Translatotron 2: High-quality direct speech-to-speech translation with voice preservation
This addresses the problem of efficient and privacy-preserving multilingual communication for users needing voice translation, though it builds incrementally on prior work.
The paper tackles direct speech-to-speech translation by introducing Translatotron 2, which improves translation quality by up to +15.5 BLEU over its predecessor and approaches cascade systems, while also preserving speaker voices across languages without requiring segmentation.
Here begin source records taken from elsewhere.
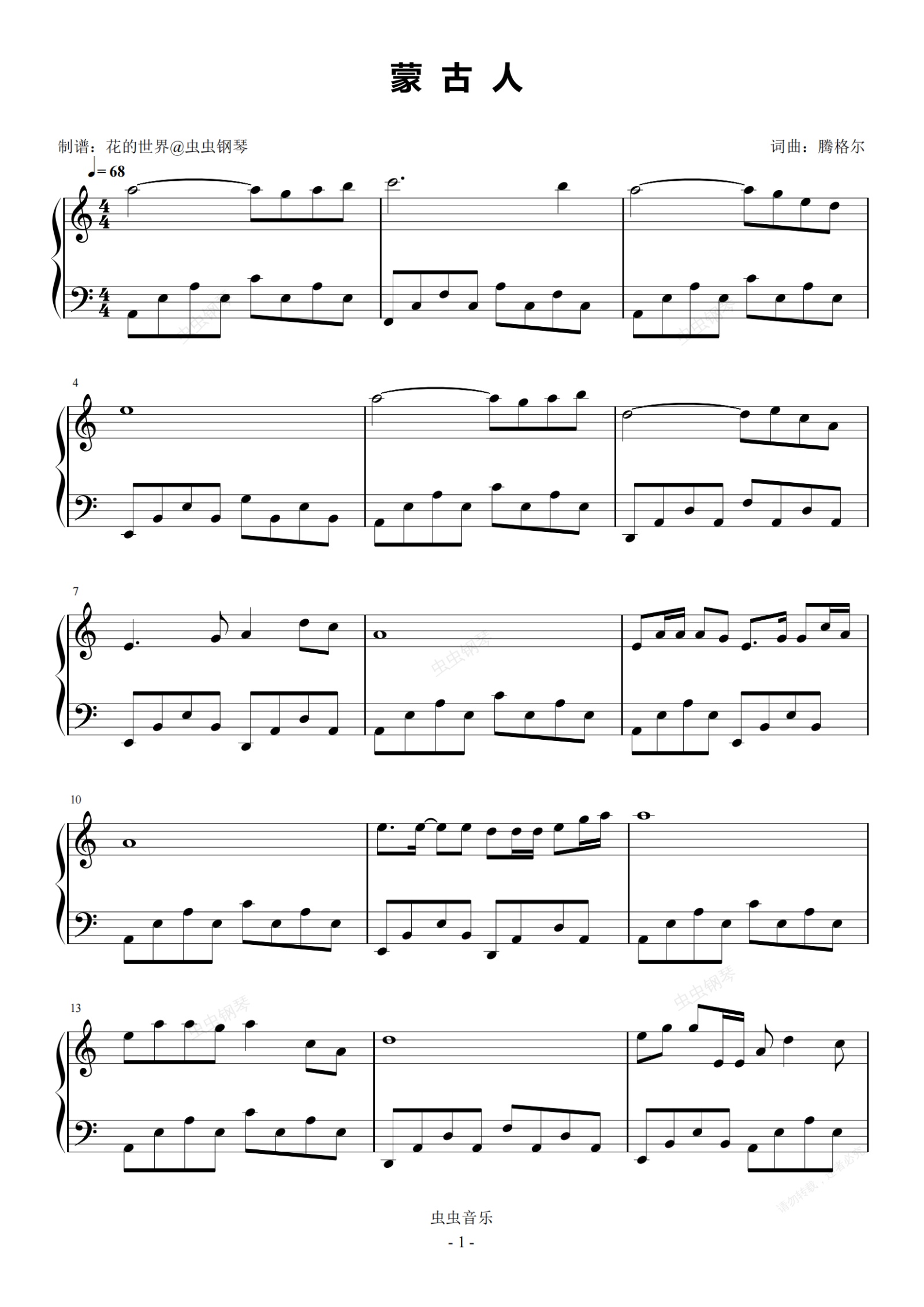 钢琴谱:蒙古人 C调简易 腾格尔 流行经典
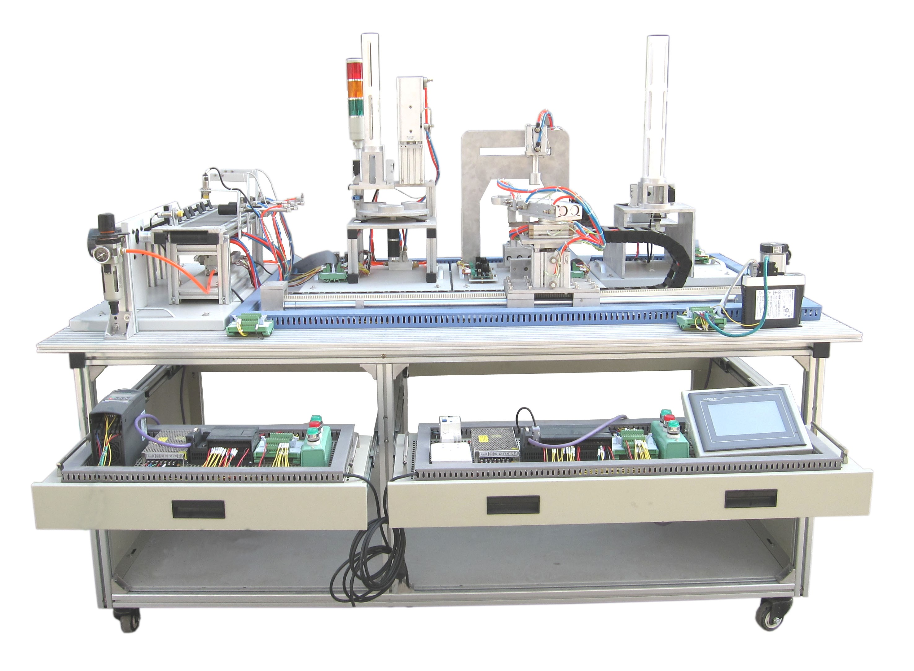 機(jī)電一體化技術(shù)實(shí)訓(xùn)設(shè)備是指機(jī)械技術(shù)、電工電子技術(shù)、微電子技術(shù)、信息技術(shù)、傳感器技術(shù)、接口技術(shù)、信號(hào)變換技術(shù)等多種技術(shù)進(jìn)行有機(jī)地結(jié)合,并綜合應(yīng)用到實(shí)際中去的技能實(shí)訓(xùn)綜合技術(shù),現(xiàn)代化的自動(dòng)生產(chǎn)設(shè)備幾乎可以說都是機(jī)電一體化的設(shè)備。自動(dòng)化生產(chǎn)線實(shí)訓(xùn)考核系統(tǒng),可以培養(yǎng)和提高學(xué)生專業(yè)綜合能力,是一種重要的實(shí)訓(xùn)設(shè)備。自動(dòng)化生產(chǎn)線實(shí)訓(xùn)系統(tǒng)、基于PLC技術(shù)的自動(dòng)化生產(chǎn)線實(shí)訓(xùn)考核系統(tǒng),可以培養(yǎng)和提高學(xué)生專業(yè)綜合能力,是一種重要的實(shí)訓(xùn)設(shè)備。自動(dòng)化生產(chǎn)線實(shí)訓(xùn)系統(tǒng)整體包括自動(dòng)供料、檢測(cè)傳輸、檢測(cè)加工、自動(dòng)裝配、自動(dòng)分揀等工序,很好的將機(jī)械技術(shù)、微電子技術(shù)、電工電子技術(shù)、傳感測(cè)試技術(shù)、接口技術(shù)、信息變換技術(shù)、網(wǎng).絡(luò)通信技術(shù)等多種技術(shù)有機(jī)地結(jié)合。該系統(tǒng)中自動(dòng)分揀站的設(shè)計(jì)過程,包括系統(tǒng)硬件設(shè)計(jì)、PLC控制設(shè)計(jì)和程序設(shè)計(jì)方法,F(xiàn)代化的自動(dòng)生產(chǎn)設(shè)備的最大特點(diǎn)是它的綜合性和系統(tǒng)性,在這里,機(jī)械技術(shù)、微電子技術(shù)、電工電子技術(shù)、傳感測(cè)試技術(shù)、接口技術(shù)、信息變換技術(shù)、網(wǎng)絡(luò)通信技術(shù)等多種技術(shù)有機(jī)地結(jié)合,并綜合應(yīng)用到生產(chǎn)設(shè)備中:而系統(tǒng)性指的是,生產(chǎn)線的傳感檢測(cè)、傳輸與處理、控制、執(zhí)行與驅(qū)動(dòng)等機(jī)構(gòu)在微處理單元的控制下協(xié)調(diào)有序地工作,有機(jī)地融合在一起。可編程序控制器(PLC)以其高抗干擾能力、高可靠性、高性能價(jià)格比且編程簡(jiǎn)單而廣泛地應(yīng)用在現(xiàn)代化的自動(dòng)生產(chǎn)設(shè)備中,擔(dān)負(fù)著生產(chǎn)線的大腦一微 處理單元的角色。因此,培養(yǎng)掌握機(jī)電一體化技術(shù),掌握PLC技術(shù)及PLC網(wǎng)絡(luò)技術(shù)的技術(shù)人材是當(dāng)務(wù)之急。而一套基于PLC技術(shù)的自動(dòng)化生產(chǎn)線實(shí)訓(xùn)考核設(shè)備可以模擬一個(gè)與實(shí)際生產(chǎn)情況+分接近的控制過程,使學(xué)習(xí)者得到一個(gè)非常接近于實(shí)際的教學(xué)設(shè)備環(huán)境,從而縮短了理論教學(xué)與實(shí)際應(yīng)用之間的距離。自動(dòng)分揀站需完成對(duì)上一單元送來的已加工、裝配的工件進(jìn)行分揀。使不同顏色的工件從不同的料槽分流的功能。當(dāng)輸送站送來工件放到傳送帶上并為入料口光電傳感器檢測(cè)到時(shí),即啟動(dòng)變頻器,工件開始送入分揀區(qū)進(jìn)行分揀。上海碩博弘揚(yáng)大國(guó)工匠精神, 發(fā)展職業(yè)教育,應(yīng)用教學(xué)設(shè)備,為企業(yè)培養(yǎng)高技能人才,而專業(yè)生產(chǎn):光機(jī)電一體化(自動(dòng)生產(chǎn)線)實(shí)訓(xùn)裝置、灌裝自動(dòng)化生產(chǎn)線實(shí)訓(xùn)裝置、工業(yè)自動(dòng)生產(chǎn)線實(shí)訓(xùn)裝置 、工業(yè)控制模擬實(shí)訓(xùn)裝置 、機(jī)電一體化組合實(shí)訓(xùn)平臺(tái) 、機(jī)電一體化綜合實(shí)訓(xùn)考核裝置、自動(dòng)化生產(chǎn)安裝與調(diào)試實(shí)訓(xùn)裝置 、光機(jī)電一體化高速分揀實(shí)訓(xùn)系統(tǒng) 、典型機(jī)電設(shè)備安裝與控制實(shí)訓(xùn)裝置、模塊式柔性自動(dòng)環(huán)形生產(chǎn)線實(shí)驗(yàn)系統(tǒng)(帶機(jī)器人工程型)、立體停車庫實(shí)物教學(xué)實(shí)驗(yàn)裝置、機(jī)電一體化柔性生產(chǎn)線加工實(shí)訓(xùn)系統(tǒng)(5站)、網(wǎng)絡(luò)型模塊式柔性自動(dòng)化生產(chǎn)線實(shí)驗(yàn)系統(tǒng)、模塊式柔性自動(dòng)環(huán)形生產(chǎn)線實(shí)驗(yàn)系統(tǒng)(工程型)、柔性生產(chǎn)制造實(shí)驗(yàn)系統(tǒng)(工程型)、現(xiàn)代物流倉(cāng)儲(chǔ)自動(dòng)化實(shí)驗(yàn)系統(tǒng)、運(yùn)動(dòng)實(shí)訓(xùn)裝置、循環(huán)搬運(yùn)自動(dòng)控制實(shí)訓(xùn)裝置、平面雙軸運(yùn)行控制實(shí)訓(xùn)裝置、工業(yè)機(jī)械手實(shí)訓(xùn)裝置、物料分揀實(shí)訓(xùn)裝置、機(jī)械手實(shí)訓(xùn)裝置 、立體倉(cāng)庫實(shí)訓(xùn)裝置、十字路口交通燈實(shí)訓(xùn)系統(tǒng)、機(jī)電液氣一體化綜合實(shí)訓(xùn)裝置、光機(jī)電一體化高速分揀實(shí)訓(xùn)系統(tǒng)、步進(jìn)伺服控制綜合實(shí)訓(xùn)平臺(tái)、光機(jī)電氣一體化控制實(shí)訓(xùn)系統(tǒng)、 光機(jī)電一體化綜合實(shí)訓(xùn)考核裝置、光機(jī)電一體化實(shí)訓(xùn)考核裝置、光機(jī)電一體化實(shí)訓(xùn)考核裝置、光機(jī)電氣一體化控制實(shí)訓(xùn)系統(tǒng)、自動(dòng)生產(chǎn)線拆裝與調(diào)試實(shí)訓(xùn)裝置、柔性自動(dòng)化生產(chǎn)線實(shí)訓(xùn)系統(tǒng)。
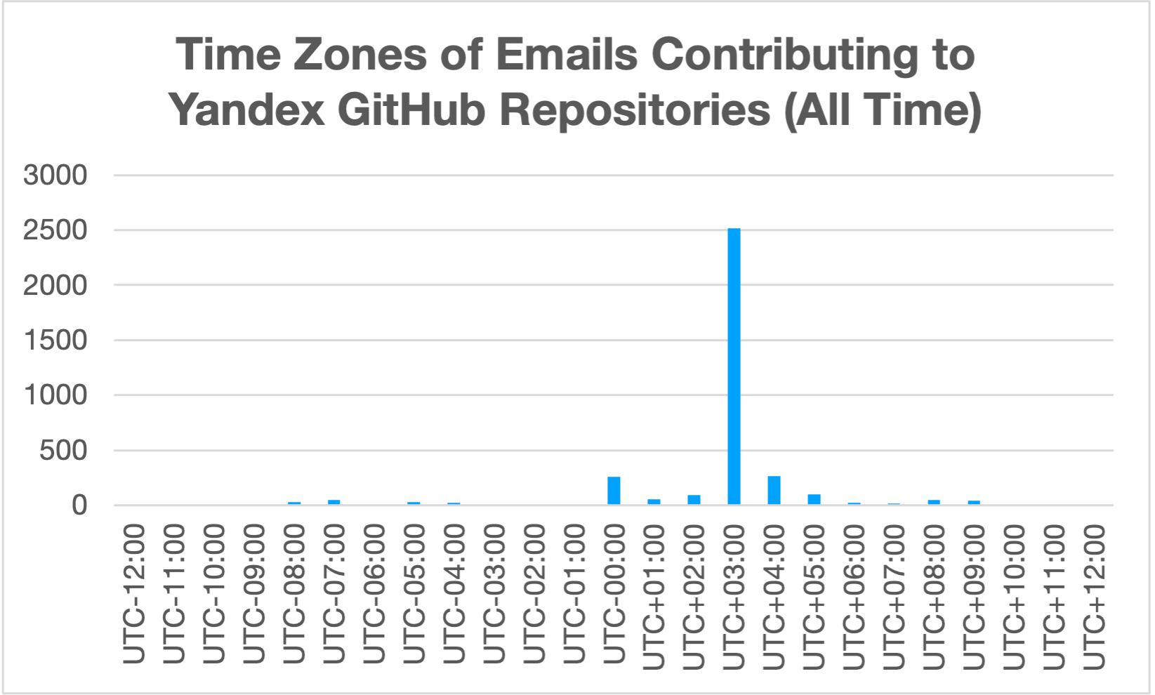 The majority of the emails contributing to Yandex’s GitHub repositories (over 2,500 of them) appeared to be doing so from the UTC+03:00 time zone, which encompasses East Africa (e.g., Comoros, Djibouti, Ethiopia, Kenya, Somalia), part of Antarctica, parts of Asia (e.g., Bahrain, Iraq, Jordan, Qatar, Saudi Arabia), part of Eastern Europe (e.g., Belarus, Turkey, Ukraine, the Abkhazia and South Ossetia regions), and part of Russia (including the Central Federal, Northwestern Federal, and Volga Federal districts). After that, there were 263 emails that appeared to be contributing from UTC+04:00 and 259 emails that appeared to be contributing from UTC-00:00. The former time zone, UTC+04:00, encompasses part of Russia (e.g., part of the Southern Federal District and Volga Federal District), the Caucasus region (e.g., Armenia, Azerbaijan, Georgia), part of the Middle East (Oman and the UAE), and part of Africa (e.g., Mauritius, Seychelles). The latter time zone, UTC-00:00, encompasses part of Western Europe (e.g., Portugal, UK, Faroe Islands) and the Atlantic Islands (e.g., Canary Islands).

We present Translatotron 2, a neural direct speech-to-speech translation model that can be trained end-to-end. Translatotron 2 consists of a speech encoder, a linguistic decoder, an acoustic synthesizer, and a single attention module that connects them together. Experimental results on three datasets consistently show that Translatotron 2 outperforms the original Translatotron by a large margin on both translation quality (up to +15.5 BLEU) and speech generation quality, and approaches the same of cascade systems. In addition, we propose a simple method for preserving speakers' voices from the source speech to the translation speech in a different language. Unlike existing approaches, the proposed method is able to preserve each speaker's voice on speaker turns without requiring for speaker segmentation. Furthermore, compared to existing approaches, it better preserves speaker's privacy and mitigates potential misuse of voice cloning for creating spoofing audio artifacts.